### Aim of the task
Within the entries below, count the lines that hold the string "Hakları" and give only that number.
[Opening Records for this task section]
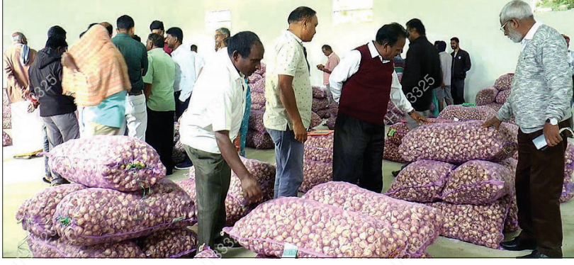
குன்னூர் எடப்பள்ளி ஒருங்கிணைந்த வேளாண் மையத்தில் நேற்று நடைபெற்ற ஏலத்தில் பங்கேற்றோர்.

வாயிலாக திறந்து வைத்தார். இந்நிலையில் நேற்று வேளாண் வணிகம் மற்றும் விற்பனைத் துறை சார்பில், ஊட்டி பூண்டு முதல்முறையாக ஏலம் விடப்பட்டது. முதல் நாளிலேயே உயர் ரக பூண்டு கிலோ ரூ.200 வரை ஏலம் போனது. இடைத்தரகர்கள் இல்லாமல் நேரடியாக விவசாயிகள் மட்டுமே கலந்து கொண்டதால், வாய் கிடைத்ததாக விவசாயிகள் தெரிவித்தனர். வியாபாரத்தோறும் நடைபெறவுள்ள ஏலத்தில் விவசாயிகள் கலந்து கொண்டு பயன்பெறலாம் என குன்னூர் ஒருங்கிணைந்த வேளாண் மைய அதிகாரிகள் தெரிவித்தனர்.
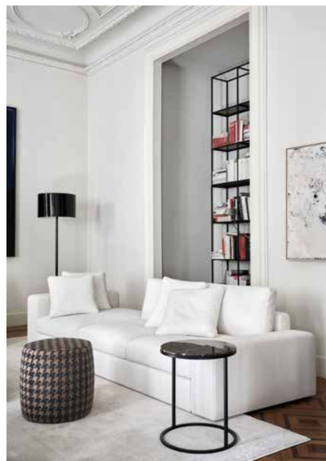
HAROLD divano componibile . modular sofa HAROLD cuscini . cushions classic 80, deco 50 PEK tavolo basso . low table CHARLOT pouf
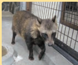
▲夏毛のタヌキ 体がほっそりして見えます

冬の寒い時期、タヌキは丸々とした姿に見えます。それは寒さをしのぐための、毛足の長いふわふわの冬毛がたっぷりと生えているからです。これから夏に向けて、その冬毛が徐々に抜け落ちていきます。人間が衣替えをするように、タヌキも暑い時期と寒い時期で姿が異なります。すっきりとした夏毛の姿に変わっていく様子を観察することができるのは今の時期だけです。
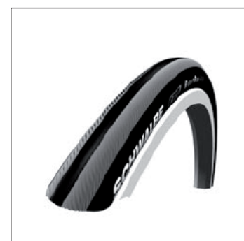
MG 24 Roue arrière 24" avec pneu profil fin largeur 24 x 1
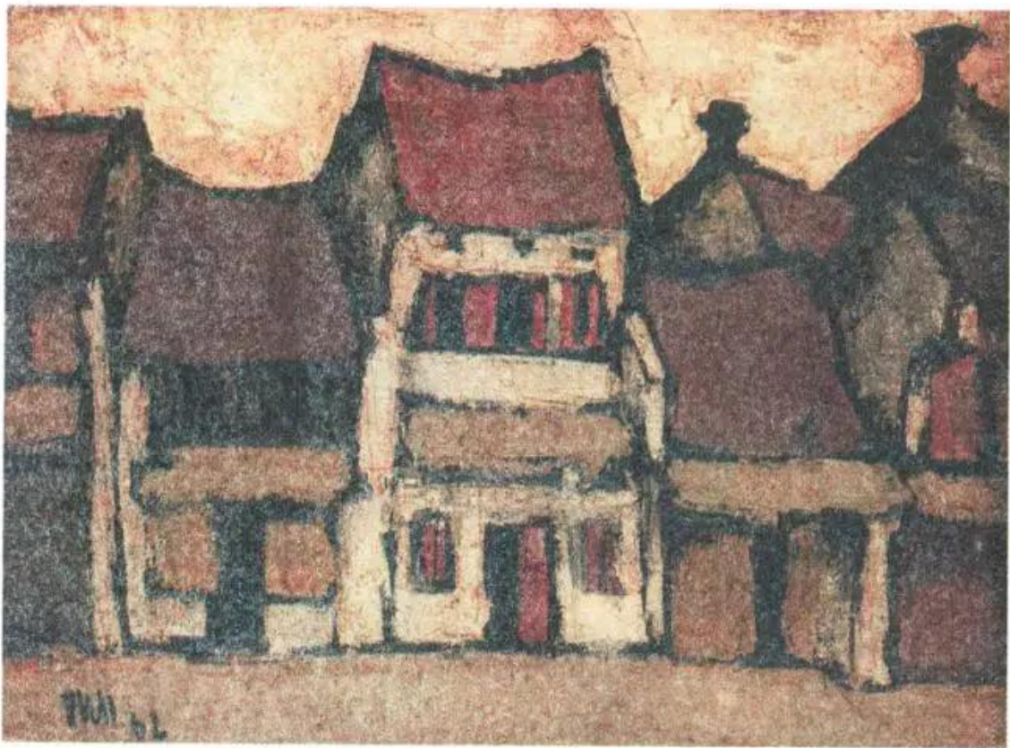
Phố cổ Hà Nội. Tranh sơn dầu của Bùi Xuân Phái
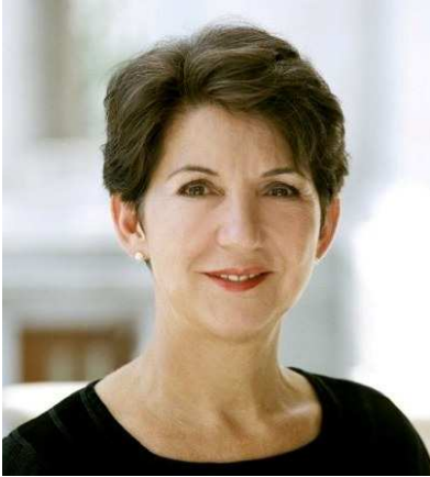
Nationalratspräsidentin Mag. a Barbara Prammer
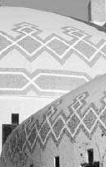
Различия людей в цвете кожи, языке и месте жительства ни в коем случае не должны становиться основанием для возвышения одной группы людей над другой.

«Мы покажем им Наши знамения по свету и в них самих, пока им не станет ясно, что это есть истина.
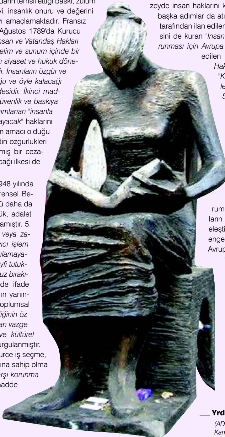
İnsan Hakları Heykeli, Yüksel Caddesi/Ankara

Birleşmiş Milletler tarafından 1948 yılında kabul edilen İnsan Hakları Evrensel Beyannamesi, bu haklar bütününe daha da geliştirmiş ve dünyada özgürlük, adalet ve barışın zemini olarak tanımlamıştır. 5. maddede, "Kimsenin işkence veya zalim, insanlık dışı veya aşağılayıcı işlem ve cezalandırmaya maruz bırakılmayacağı" belirtilmiştir. "Kimsenin keyfi tutuklama, gözaltı veya sürgüne maruz bırakılmayacağı" ilkesi, 9. maddede ifade edilmiştir. Bu gibi temel hakların yanında 22. madde ile insanların toplumsal güvenlik hakkına ve "insan kişiliğinin özgür gelişimi ve onuru bakımından vazgeçilmez ekonomik, toplumsal ve kültürel haklara" da sahip oldukları vurgulanmıştır. 23. maddede ise çalışma, özgürce iş seçme, adil ve olumlu çalışma koşullarına sahip olma haklarının yanı sıra "işsizliğe karşı korunma hakkı" da tanımlanmıştır. 25. madde herkesin kendisi, ailesinin sağlığı ve refahı için temel gereksinimlerini (sağlık hizmeti, barınma, gıda, giyim
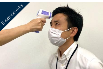
部屋に入る前に非接触検温をします

アイデアホリック会議室 神保町 ideaholic conference by JPS Jimbocho
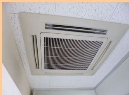
①機種確認・ブレーカー位置確認
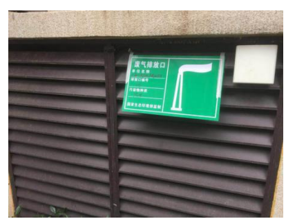
地下车库废气排放口环保标识
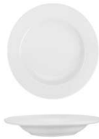
Plato Hondo Deep Plate Assiette Creuse Piatto Fondo Teller Tief
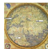
Zał. 1.4, średniowieczna mapa świata

Uczniowie czytają akapit „Handel między Europą a Azją” na s. 26, dostarczający ogólnej wiedzy o przyczynach „odkryć” geograficznych.
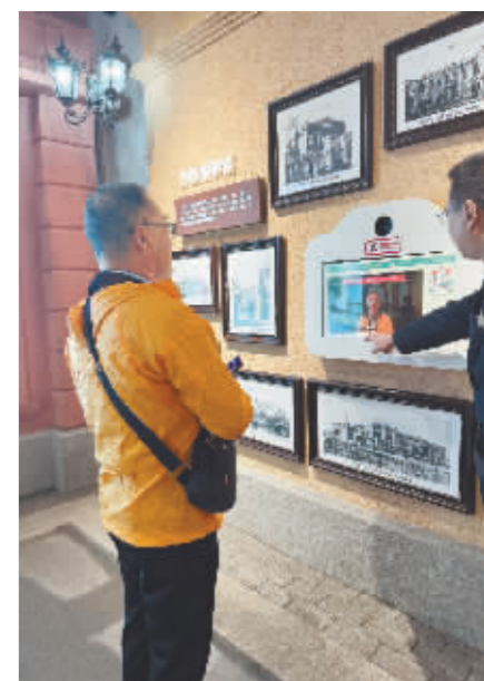
哈尔滨市博物馆人机互动体验。

“现在哈尔滨全市各个景点都在尝试通过多元化、沉浸式的科技元素提升传统文旅项目魅力。”哈尔滨市旅游协会副会长孙明说,这种科技加持的智慧旅游让传统文旅更有看点,也加速了文旅产品的发展步伐,为城市、投资机构和市场主体创造更多面向新需求的旅游空间和消费场景。
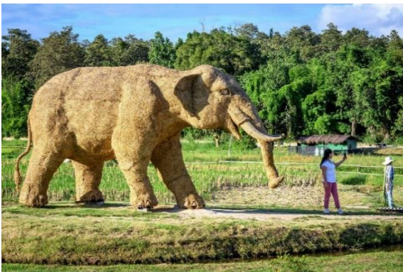
شكل (٧) الفيل - قش ارز - مدينة الملاهي تايلاند - عام ٢٠٢٠

منحوتات عملاقة من قش الأرز في مدينة الملاهي بتايلاند تحتوي الحديقة على منحوتات من قش الأرز بالحجم الطبيعي - الغوريلا شكل (٦)، والفيل شكل (٧)، والخنزير البري شكل (٨)، والأسد شكل (٩)، والغزلان شكل (١٠).
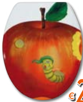
SEDILE UNIVERSALE BRUCOMELA In MDF, con cerniere in metallo
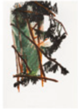
Abb. 65, Seite 31 O.T. (Klosterwald) 29.03.2018 Ölstifte, Konservierungskarton 80 x 55 cm
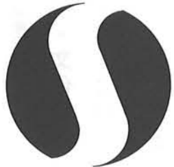
新潟県交通安全シルバーマーク

このマークは自動車専用のものであり、数に制限もありますが、町総務課で用意してありますので65才以上の高齢ドライバーの希望者は、お申込み下さい。
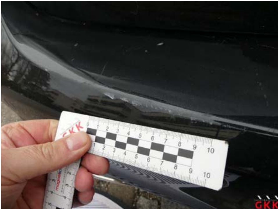
Bild 33 Stoßfänger hinten, Verkleidung -lackiert-, verkratzt, lackieren
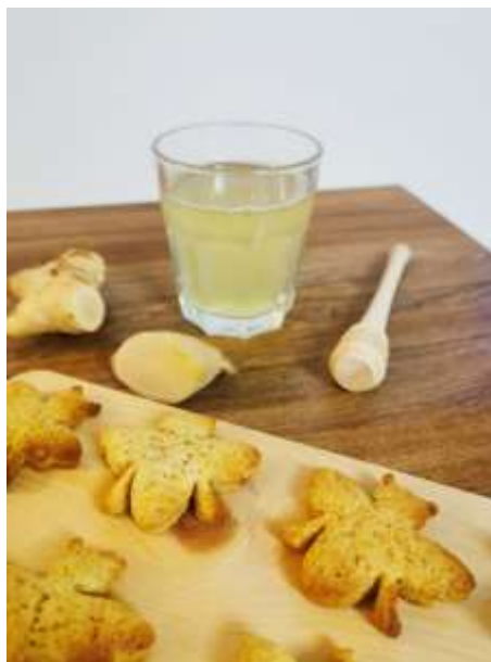
Slika 5: Ambrožev napoj in Ambroževa modrost

Osrednja sestavina naših medenih kulinarčnih spominkov je, seveda, med lokalnih šmarških čebelarjev.
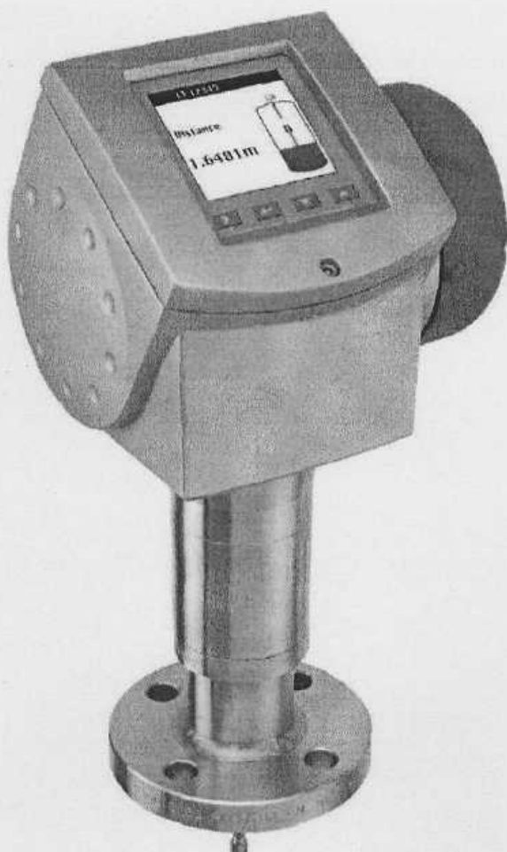
Рисунок 1. Общий вид уровнемера OPTIFLEX 1300C с дисплеем

Внешний вид уровнемеров и варианты исполнения зондов представлены на рисунках 1, 2 и 3.
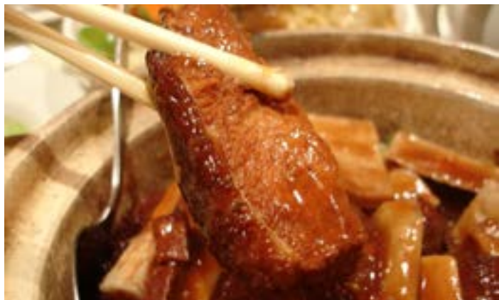
荔浦芋扣肉

荔浦芋肉质细腻，肥瘦相宜，具有特殊风味。用荔浦芋和五花猪肉做成扣肉，历来成为逢年过节家宴或红白喜事和宾馆酒楼席上的一道名菜。
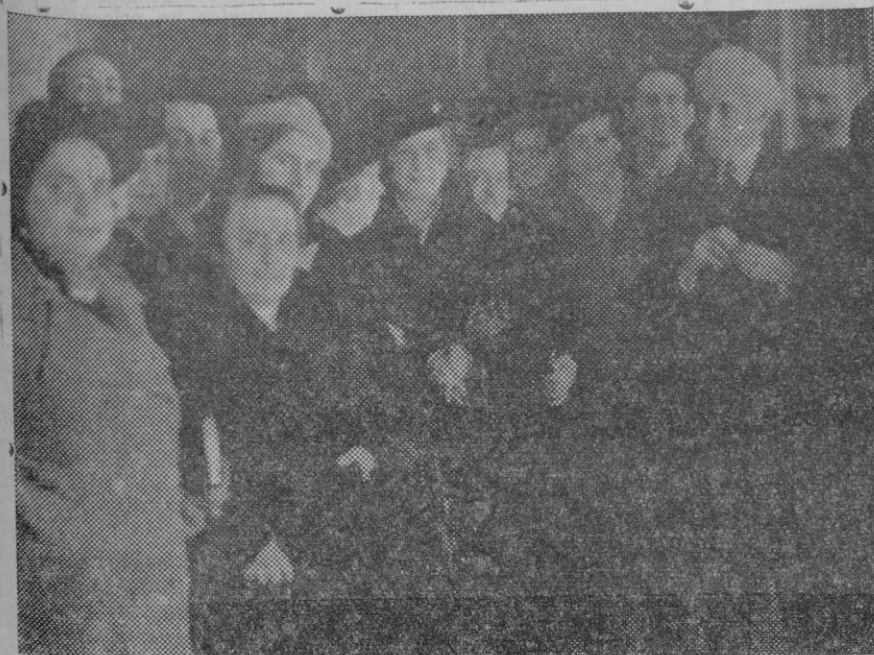
Comisión de la Agrupación femenina Antifascista, visitando al jefe del Gobierno Sr. Portela para pedirle sea puesta en libertad la propagandista «La Pasionaria».
[Closing Records for this task section]
### Answer for the task
2